Tuesday, September 09, 2008

NY times RSS special du jour

Welp, if it's not the Mayan doomsday, it's the newest particle collider. CERN goes online tomorrow, and while I rationally understand that the solar system and its immediate surrounds will likely NOT collapse as a results of kooky scientists playing God, the outside possibility is humbling and amusing. It's a very "find your higher power" moment - with or without my approval, someone will flip that switch in Switzerland, and we either will or will not continue to exist. I've been putting a lot of stock in Recovery lingo lately - accepting the status quo and focusing on personal development rather than what I cannot change, etc - and it's definitely a result of the new job. I'm the only person on staff (that I know of) who is not in recovery, and it's even more humbling than Higgs bosons or potential cataclysmic destruction. We are all works in progress, little personal construction zones who create ripples upon ripples overlapping other personal construction zones. That said, my ripples can't control whether or not we all get mooshed into a walnut-sized mass in a matter of hours, so I'm not going to sweat it too much.
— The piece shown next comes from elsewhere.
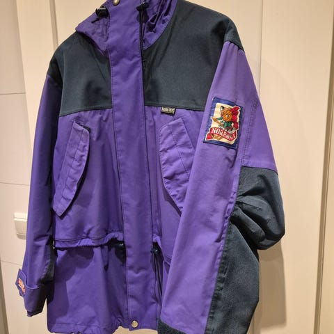 Fint eksemplar med mindre utvendig slitasje ved ene underarmen og noe patina på stormklaff (jakken er tross alt 25 år og brukt). Innvendig er det lite slitasje og sømtape er stort sett veldig bra. Romslig størrelse M.

Speaking of sweat, my boxing class hurts so good.

From another interesting NYT article:
For social-role psychologists, the bad news is that the variation is going in the wrong direction. It looks as if personality differences between men and women are smaller in traditional cultures like India’s or Zimbabwe’s than in the Netherlands or the United States. A husband and a stay-at-home wife in a patriarchal Botswanan clan seem to be more alike than a working couple in Denmark or France. The more Venus and Mars have equal rights and similar jobs, the more their personalities seem to diverge.
I can't help but speculate that gender is becoming a more visible, more acceptable place to hang one's identity. Does that make it ripe for codification? Must we all be something-boys and something-girls: party boys, sporty girls, butch ladies and bro-dawgs? The whole thing makes me wish we could all bypass gender in a sense. It's never been the hugest deal with me, and I now embrace a sort of genderqueerishness that I resisted for a while. Identity is not necessarily equal to gender in my head, but maybe that's just me.
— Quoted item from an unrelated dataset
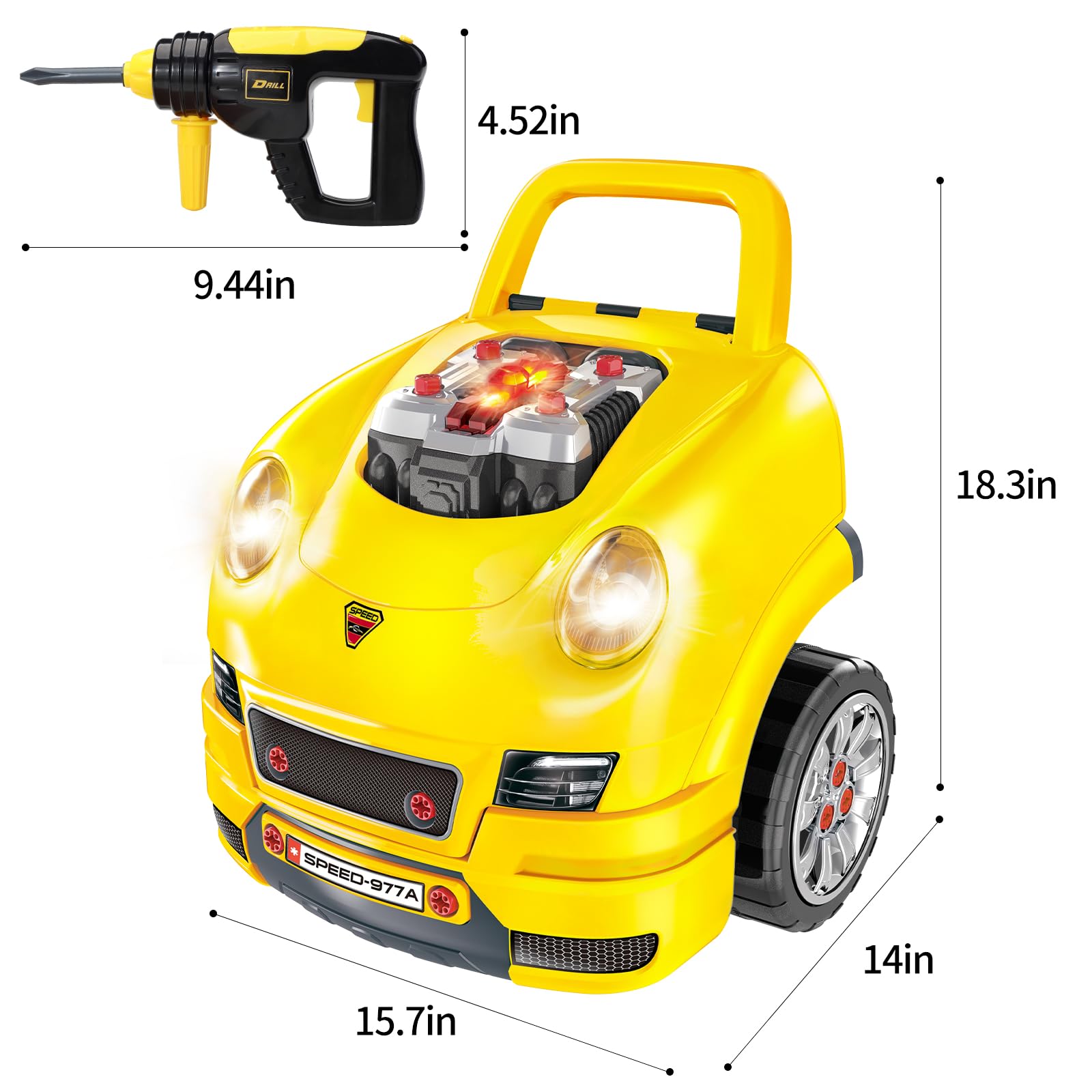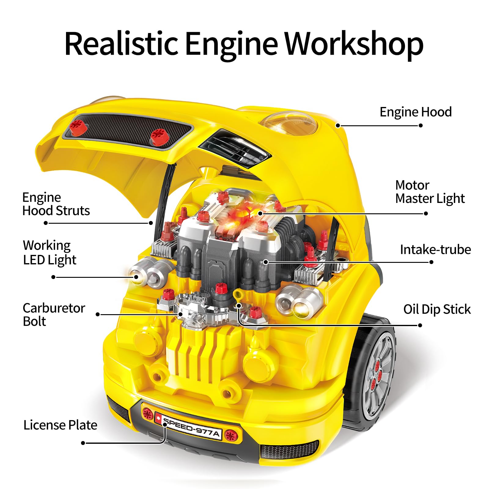 - u3010Realistic car engineu3011Made of high quality ABS material, simulate real driving, start the engine, turn on the hazard warning lights, automatic shifter, steering wheel with horn, lift the jack stands, remove the wheels and rims, push and pull the handle of the engine. Storage space is also included.

Palin rant and Chi-town pictures coming soon. I promise. am housesitting, so it's hard to get my pictures up and running with this damn dial-up.

Friday, September 05, 2008

not sure about this.

I have business cards. Be sure to ask me for one. You'll be guaranteed to scare the crap out of me. Aren't business cards for responsible professionals? I still haven't quite mastered color coordinating my outfits. This is a sign of competence well beyond my comfort zone. It might not be okay to be inept at this job - that's new. Hmm.

Monday, September 01, 2008

Industry! Science! Technology!

Well, I had a constructive weekend. I was honored to be a part of a task force of four handywomen, bent on adding 100 square feet of garden space to an already charming North Portland home. A 6'x10' bed, two 2'x6' beds and a 20"x6' bed now await planting. The woodwork was only half the job, and I wish I could kipe pictures off of a myspace page to show a) how great the beds look and b) just how much dirt we moved up some pretty obnoxious stairs.

For the illustrated part of the show, I do have photographic evidence of the compost boxes that a proud member of the aforementioned team and I put together. They only took about and hour to an hour and a half apiece. Because of technical difficulties (poor planning in the power tool department) this entire compost bin project was done with hand tools. Old school saws. Hammers. Nails. It was intensely rewarding.



Pictures of Chicago forthcoming. Rant about Sarah Palin ongoing.